In arrivo l’obbligo di iscrizione all’albo dei conservatori accreditati

07/04/2014
di Leonardo

L’articolo 44-bis del Codice dell’Amministrazione Digitale (CAD) obbliga le imprese che erogano servizi di conservazione dei documenti informatici e di certificazione dei relativi processi anche per conto di terzi ed intendono conseguire il riconoscimento del possesso dei requisiti del livello più elevato, in termini di qualità e di sicurezza, a richiedere l’accreditamento presso DigitPA (ora Agenzia per l’Italia Digitale (AgID)). Entro luglio, come indicato dalla Dott.ssa Mariapia Giovannini, responsabile AgID del particolare processo, verrà istituito l’albo dei conservatori accreditati. L’iscrizione all’albo certificherà, di fatto, la conformità dei processi di conservazione realizzati ed adottati, e permetterà alle aziende iscritte di fornire servizi in via esclusiva alle pubbliche amministrazioni ed essere riconosciute come tali anche a livello europeo.231_23835689_xxl

La richiesta di iscrizione può sin da ora essere presentata da coloro che sono interessati. Per iscriversi ci si dovrà adeguare al rigido disciplinare che sarà reso disponibile nei prossimi giorni sul sito dell’AgID e che imporrà ai conservatori il rispetto delle nuove regole tecniche contenute nel DPCM del 3 dicembre 2013, pubblicato sulla Gazzetta Ufficiale del 12 marzo scorso.
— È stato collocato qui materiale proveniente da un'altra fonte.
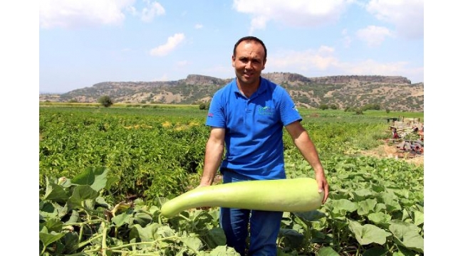 Şanlıurfa'dan getirdiği tohumdan 1 metrelik kabak yetiştirdi
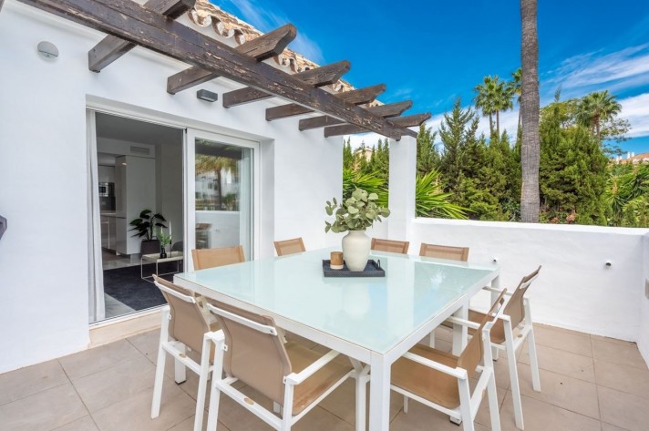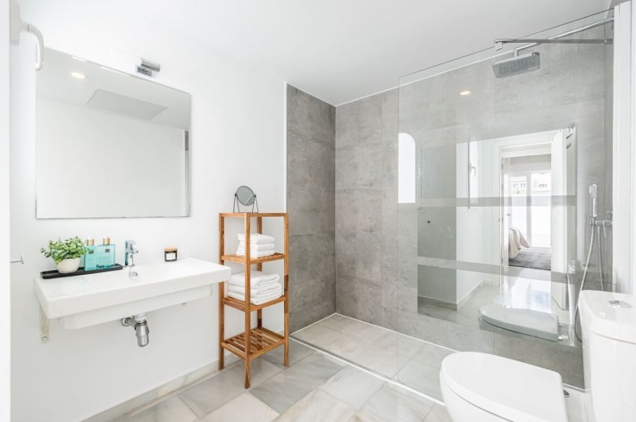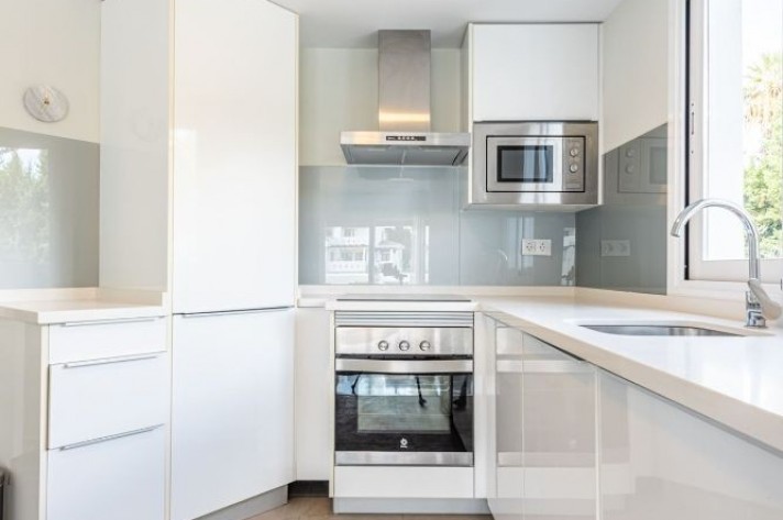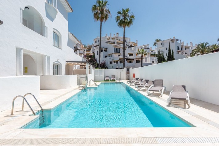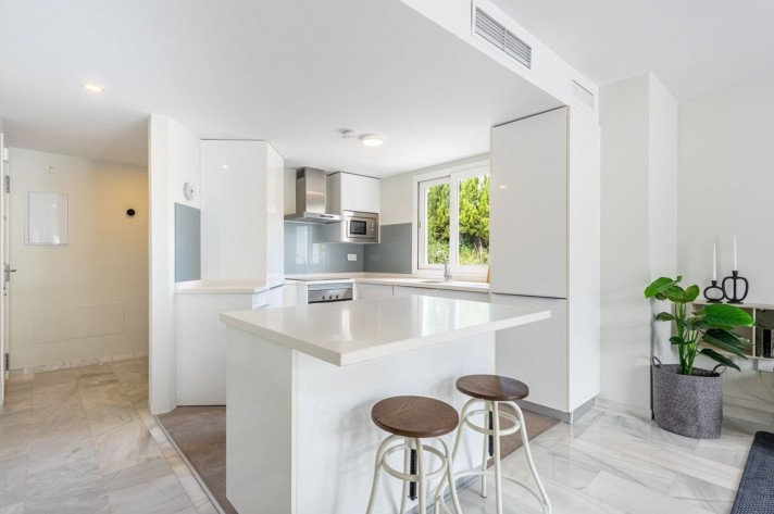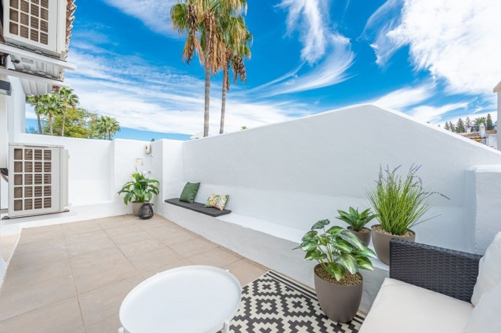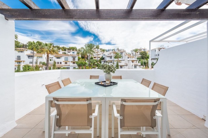 In the best location in Nueva Andalucia with walking distance to everything is this modern penthouse with two spacious terraces. The penthouse is optimally planned with an open plan kitchen / living room with a spacious terrace with a pleasant view towards beautiful Aldea Blanca. On this floor you also have a guest toilet. Upstairs you will find two bedrooms that share a spacious bathroom with shower, from both bedrooms there is an exit to the second terrace. The apartment comes with a garage space and storage room. Perfect apartment for those who want to avoid taking the car to everything, and is well suited for short-term rentals since all licenses are in place.

Possono presentare la richiesta di iscrizione all’albo solo soggetti dotati di requisiti di qualità e sicurezza di livello tale da potere svolgere attività di conservazione. Inoltre, per essere iscritti all’albo occorre essere in grado di certificare la correttezza dei relativi processi anche quando non direttamente realizzati. Secondo l’art. 44-bis del CAD, inoltre, i soggetti privati devono costituirsi in società di capitali e dotarsi di un capitale sociale non inferiore a 200mila euro.

In ogni caso, i conservatori devono dimostrare di possedere l’affidabilità organizzativa, tecnica e finanziaria necessaria per svolgere attività di conservazione. In particolare, gli stessi devono dimostrare di possedere un organico esperto, che goda di conoscenze specifiche dei servizi forniti (possesso di specifici percorsi di studio universitario) ed esperienza, e che sia in grado di rispettare le norme del CAD e le relative regole tecniche. Questo perché si è in presenza non tanto e non solo di un processo informatico di acquisizione e mantenimento nel tempo di dati, documenti e informazioni a pieno valore legale, ma di un più complesso ed articolato sistema di conservazione.

Inoltre, alle aziende che vogliono iscriversi all’albo è richiesta la certificazione ISO 27001, nonché la redazione di un apposito documento relativo ai requisiti di qualità e sicurezza, da pubblicare sul sito.

In sintesi, tutti i soggetti, dunque, che intendessero procedere alla richiesta per ottenere l’iscrizione all’albo dei conservatori accreditati presso l´AgID dovranno provvedere a integrare la documentazione eventualmente già presentata con gli ulteriori requisiti imposti e che verranno imposti a breve, come peraltro già previsto dalla Circolare di DigitPA (ora AgID) 29 dicembre 2011, n. 59.

La PA avrà quindi la possibilità di realizzare i propri sistemi di conservazione all’interno della propria struttura organizzativa oppure esternalizzare il processo. Qualora decidesse l’esternalizzazione, la stessa può essere affidata solo a conservatori accreditati e iscritti all’albo.